▸ Input data
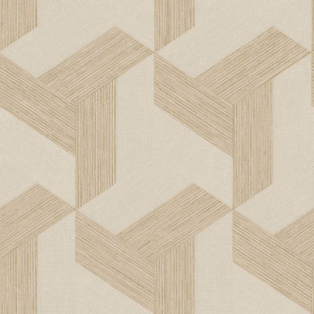 Geometrische Vliestapete mit Vinyloberfläche, Beige-Ocker-Töne, fein geprägte Struktur, goldbeige Details.
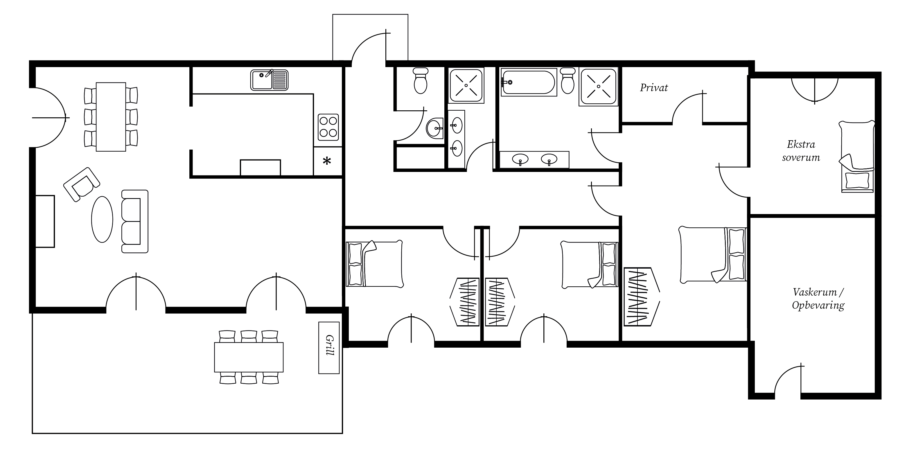 Soveværelse med eget badeværelse (toilet, badekar, 2 håndvaske og separat bruser). Gæsteværelse 1 med to enkeltsenge (2 x 90 x 200 cm) og indbygget skabsplads. Gæsteværelse 2 med to enkeltsenge på 80 x 190 cm og indbygget skabsplads. Begge værelser deler det andet badeværelse med bruser og 2 håndvaske. Hvis det ønskes, kan enkeltsengene skubbes fra hinanden. Udover de 3 soveværelser er der et fjerde rum, med to senge, der kan benyttes som soveværelse.
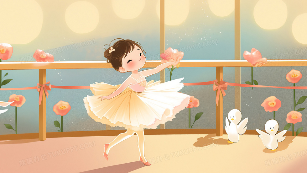 本作品内容为可爱的小女孩在舞蹈教室练习芭蕾舞创意插画, 格式为 jpg, 大小2 MB, 图片尺寸为2432 x 1368, 源文件无水印, 欢迎使用熊猫办公。 如认为平台内容涉嫌侵权,可通过邮件:tousu@tukuppt.com提出书面通知,我们将及时处理。

▸ What you will do
The whole listing should be transcribed exactly, though its pictures must be left out.

▸ Solution
 Geometrische Vliestapete mit Vinyloberfläche, Beige-Ocker-Töne, fein geprägte Struktur, goldbeige Details.
 Soveværelse med eget badeværelse (toilet, badekar, 2 håndvaske og separat bruser). Gæsteværelse 1 med to enkeltsenge (2 x 90 x 200 cm) og indbygget skabsplads. Gæsteværelse 2 med to enkeltsenge på 80 x 190 cm og indbygget skabsplads. Begge værelser deler det andet badeværelse med bruser og 2 håndvaske. Hvis det ønskes, kan enkeltsengene skubbes fra hinanden. Udover de 3 soveværelser er der et fjerde rum, med to senge, der kan benyttes som soveværelse.
 本作品内容为可爱的小女孩在舞蹈教室练习芭蕾舞创意插画, 格式为 jpg, 大小2 MB, 图片尺寸为2432 x 1368, 源文件无水印, 欢迎使用熊猫办公。 如认为平台内容涉嫌侵权,可通过邮件:tousu@tukuppt.com提出书面通知,我们将及时处理。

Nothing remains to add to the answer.